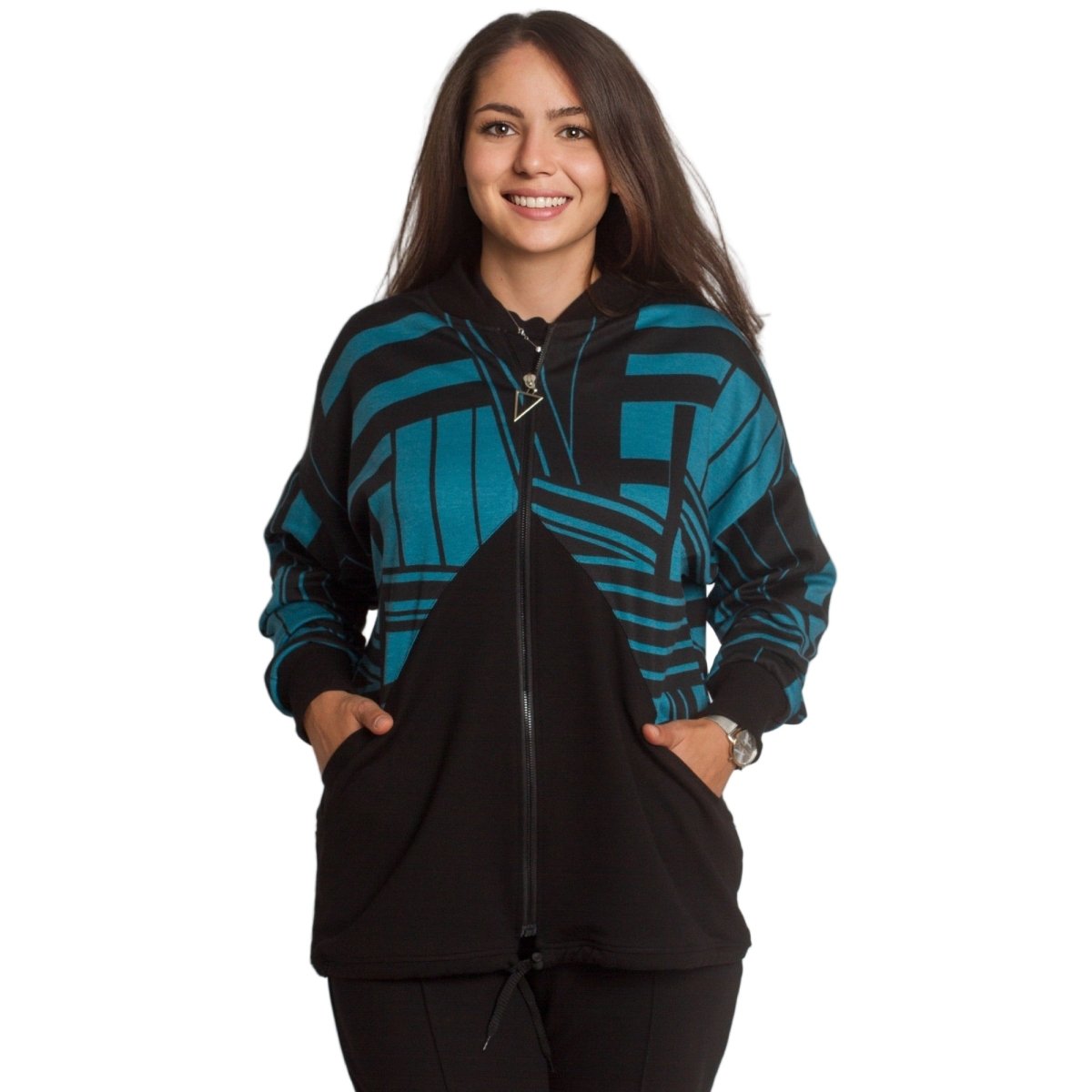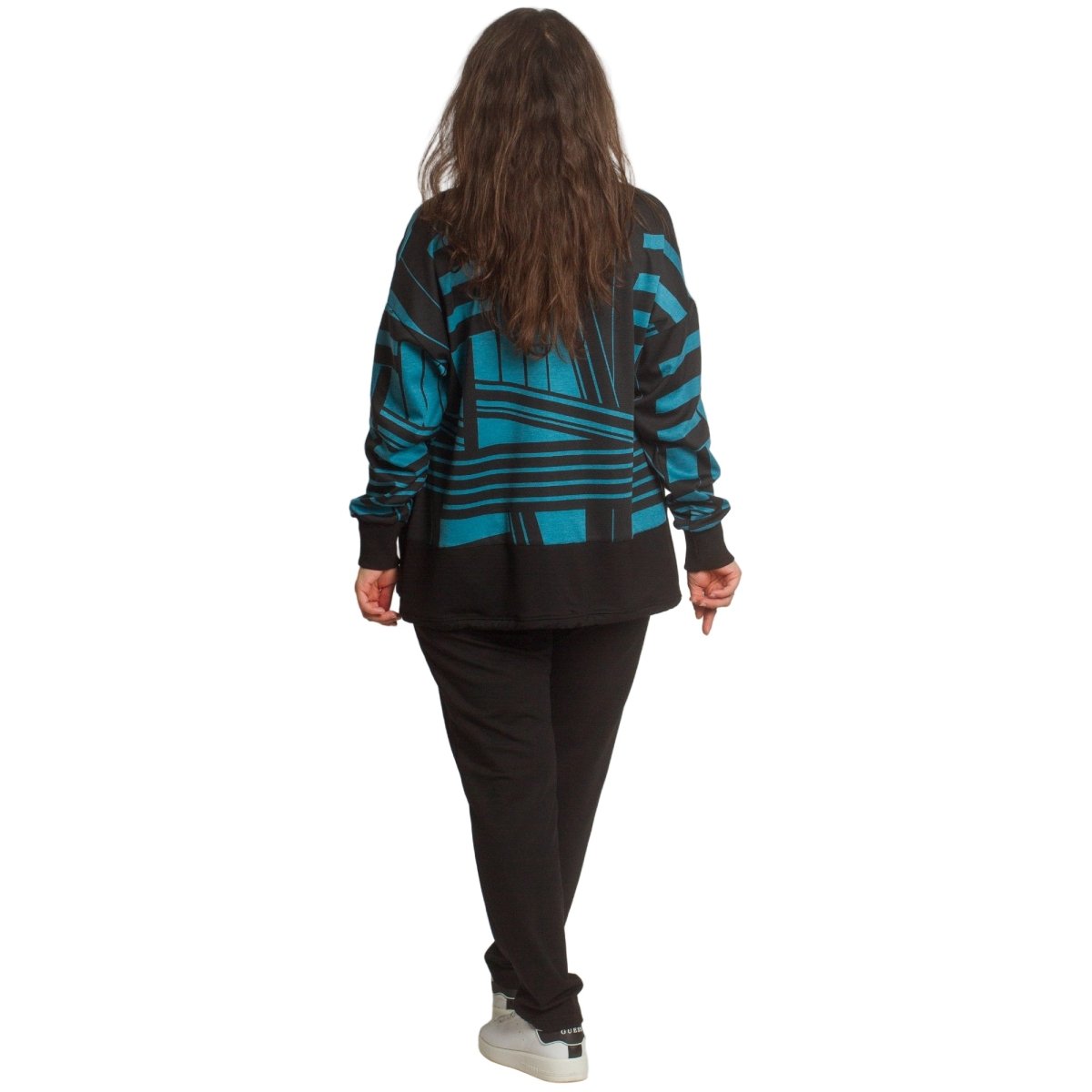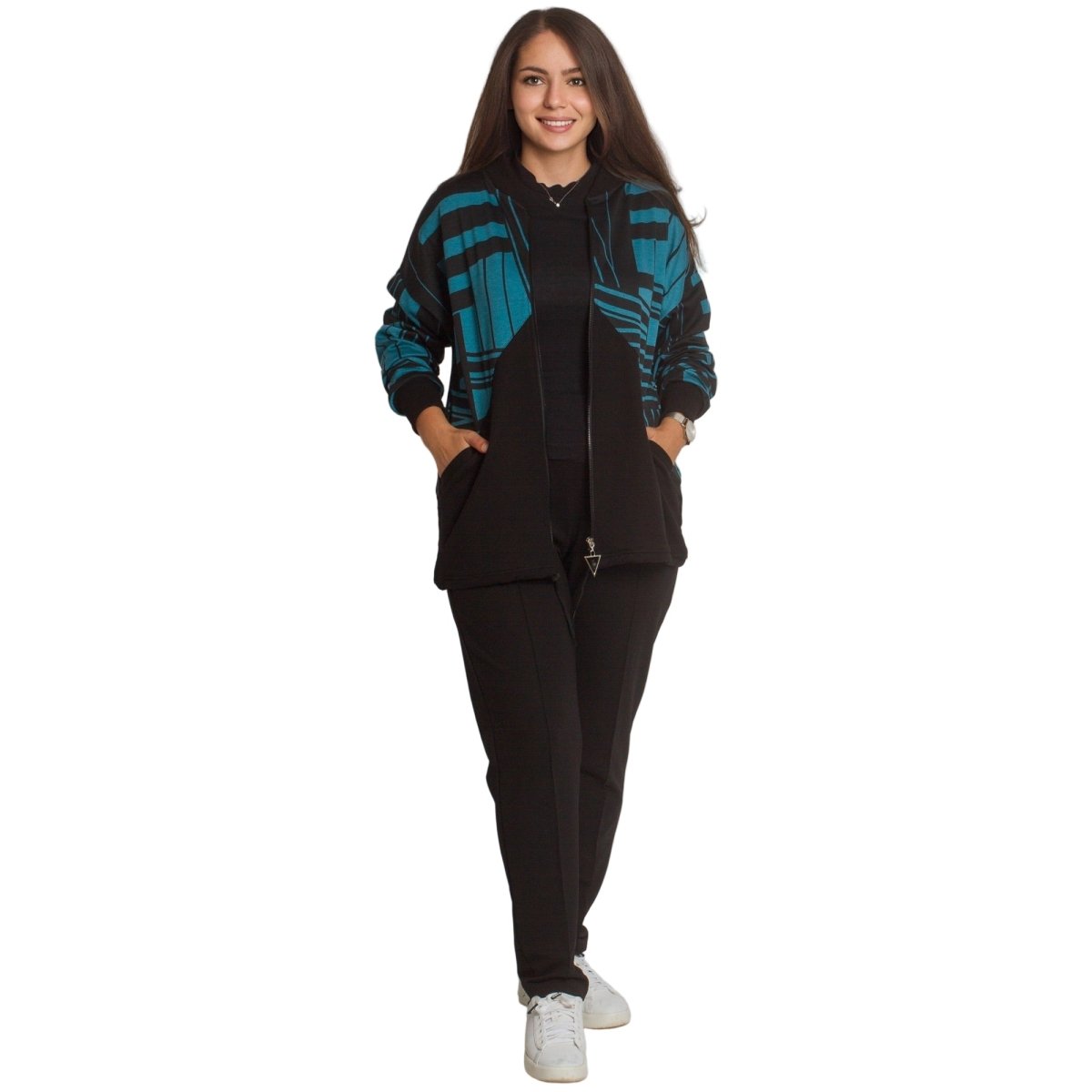 Комфортен и модерен спортен екип, състоящ се от горнище с цип и панталон с еластичен колан. Горнището е с качулка, дълъг ръкав и стилен геометричен принт, който придава свеж и динамичен вид. Панталонът е класически черен с права кройка и джобове, осигуряващи удобство при носене. Материята е мека, еластична и приятна на допир, което прави комплекта подходящ за спорт, разходка и ежедневни занимания през есенно-зимния сезон.
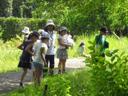4年生は春の見学会に続き、夏の自然見学会にすみれば公園に行ってきました。帽子をかぶり、水筒を持ち、暑い中頑張って歩いて行ってきました。すると、公園の中は、それまでの場所と違って、少し涼しいでした。植物がたくさんあると、温暖化の防止になるのかな?木蔭に入ると、風が本当に気持ちいいです。カブトムシを見つけるなど、夏の自然について感じたり、考えたりしてきました。
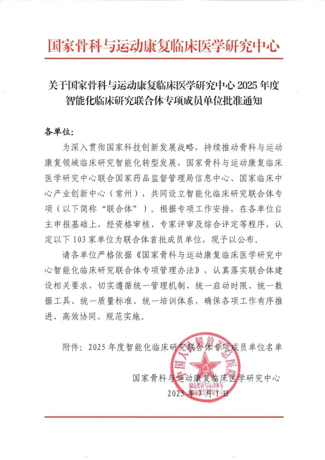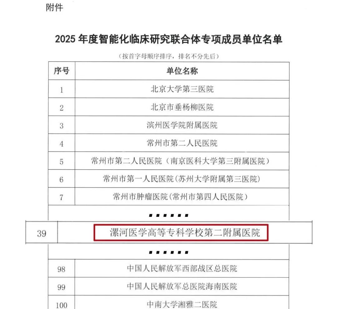由國家骨科與運動康復臨床醫(yī)學研究中心(以下簡稱“國家臨床中心”)聯合國家藥品監(jiān)督管理局信息中心、國家臨床中心產業(yè)創(chuàng)新中心(常州)共同設立的“2025年度智能化臨床研究聯合體專項”已完成首批成員單位遴選,共103家單位成功入選(具體名單見文末附件),覆蓋全國26個省份。 其中漯河醫(yī)專二附院成功入選國家臨床中心“智能化臨床研究聯合體專項”首批成員單位
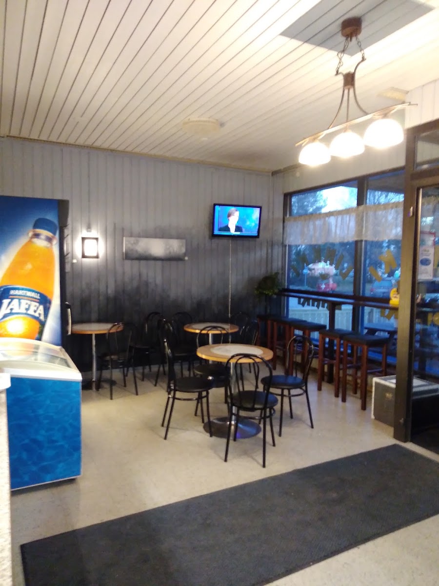 Sieltä löytyy baari/kahvila tarpeet ja matkahuolto.
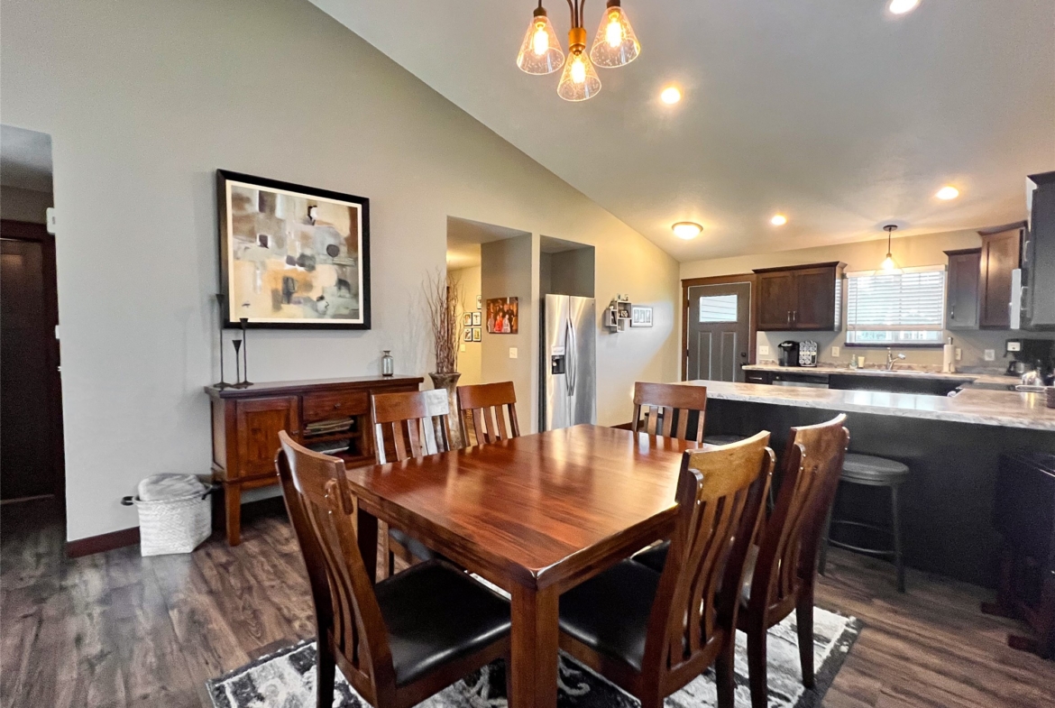 The seamless flow from the kitchen to the dining area and living room—complete with a walkout patio—makes entertaining effortless.
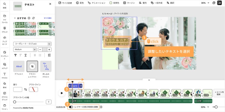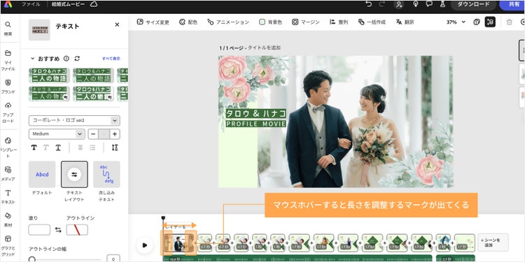 次に、調整したいレイヤーを選択します。ここでは、「タロウ&ハナコ PROFILE MOVIE」という文字を調整してみます。テンプレート内の文字を選択すると、新しいタイムラインが表示されます。その青色のバーを左右に伸縮すると、表示するタイミングや長さを変更できます。
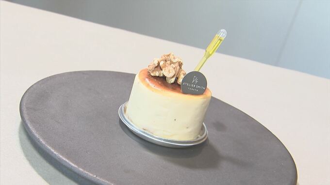 「クルミとコショウのチーズケーキになっていて、これでまず楽しんでいただいて、その後白トリュフのオイルをかけていただいた時に、また新しい味わいを楽しんでいただけたらなと」
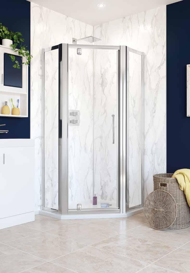 Perfect for where space might prevent using a conventional corner unit, this practical semi-framed pentagon can be fitted with your choice of bi-fold or pivot door. from £947.63 incl. VAT
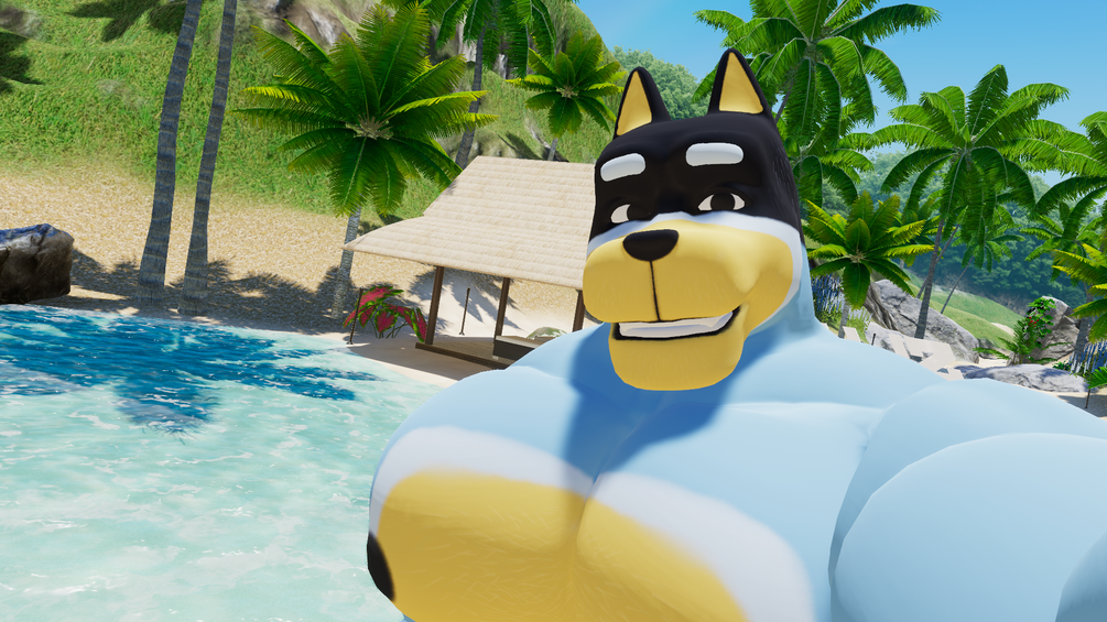 VRChat avatar of everyone's favourite aussie dad; Bandit Heeler! Includes belly, chest, and ear phys bones with a 4 expression puppet wheel to boot!
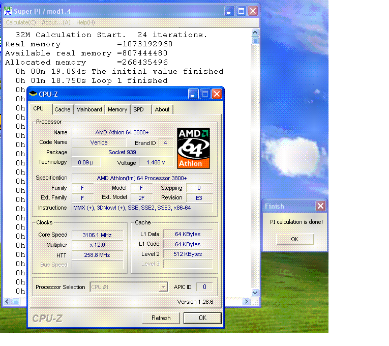 Erster Versuch 32m Superpi Mod ( alles noch Safe um die Cpu nicht von anderen Komponenten zu beeinflussen ) .
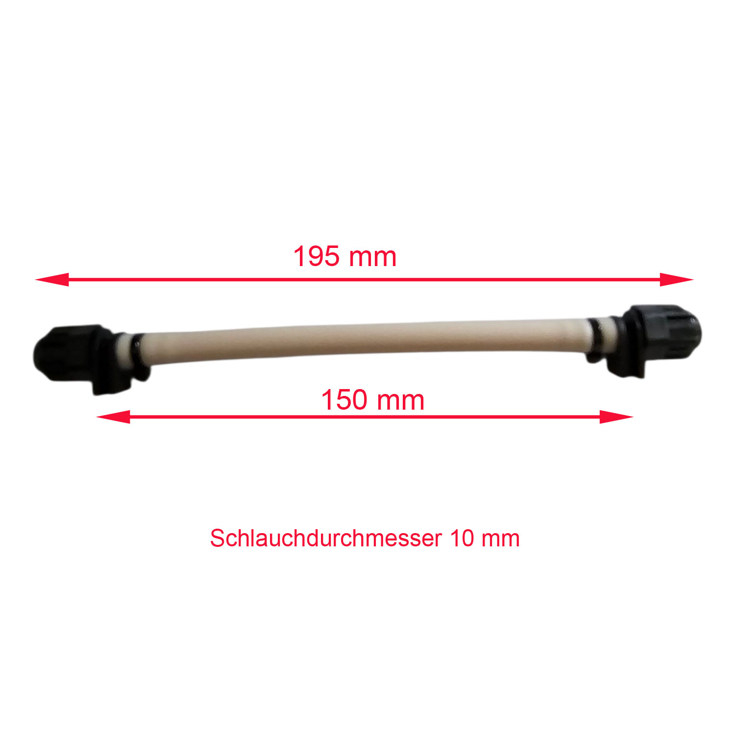 Diese Pumpenschlauchgarnitur ist speziell für Dosierpumpen vom Typ Technopool konzipiert, eignet sich jedoch auch für zahlreiche andere Dosierpumpenmodelle. Das flexible Material und die präzisen Anschlüsse ermöglichen eine einfache Montage und sorgen für eine dichte Verbindung, die Leckagen verhindert. Die schlanke Bauweise und die passende Länge von 195 mm machen die Garnitur besonders handlich und platzsparend.

****************

_Aim of the task_. Repeat each line of the listing word for word, from the first through the line that contains "The seamless flow". Any picture stays out.

_Result of this task_.
 Комфортен и модерен спортен екип, състоящ се от горнище с цип и панталон с еластичен колан. Горнището е с качулка, дълъг ръкав и стилен геометричен принт, който придава свеж и динамичен вид. Панталонът е класически черен с права кройка и джобове, осигуряващи удобство при носене. Материята е мека, еластична и приятна на допир, което прави комплекта подходящ за спорт, разходка и ежедневни занимания през есенно-зимния сезон.
4年生は春の見学会に続き、夏の自然見学会にすみれば公園に行ってきました。帽子をかぶり、水筒を持ち、暑い中頑張って歩いて行ってきました。すると、公園の中は、それまでの場所と違って、少し涼しいでした。植物がたくさんあると、温暖化の防止になるのかな?木蔭に入ると、風が本当に気持ちいいです。カブトムシを見つけるなど、夏の自然について感じたり、考えたりしてきました。
由國家骨科與運動康復臨床醫(yī)學研究中心(以下簡稱“國家臨床中心”)聯合國家藥品監(jiān)督管理局信息中心、國家臨床中心產業(yè)創(chuàng)新中心(常州)共同設立的“2025年度智能化臨床研究聯合體專項”已完成首批成員單位遴選,共103家單位成功入選(具體名單見文末附件),覆蓋全國26個省份。 其中漯河醫(yī)專二附院成功入選國家臨床中心“智能化臨床研究聯合體專項”首批成員單位
 Sieltä löytyy baari/kahvila tarpeet ja matkahuolto.
 The seamless flow from the kitchen to the dining area and living room—complete with a walkout patio—makes entertaining effortless.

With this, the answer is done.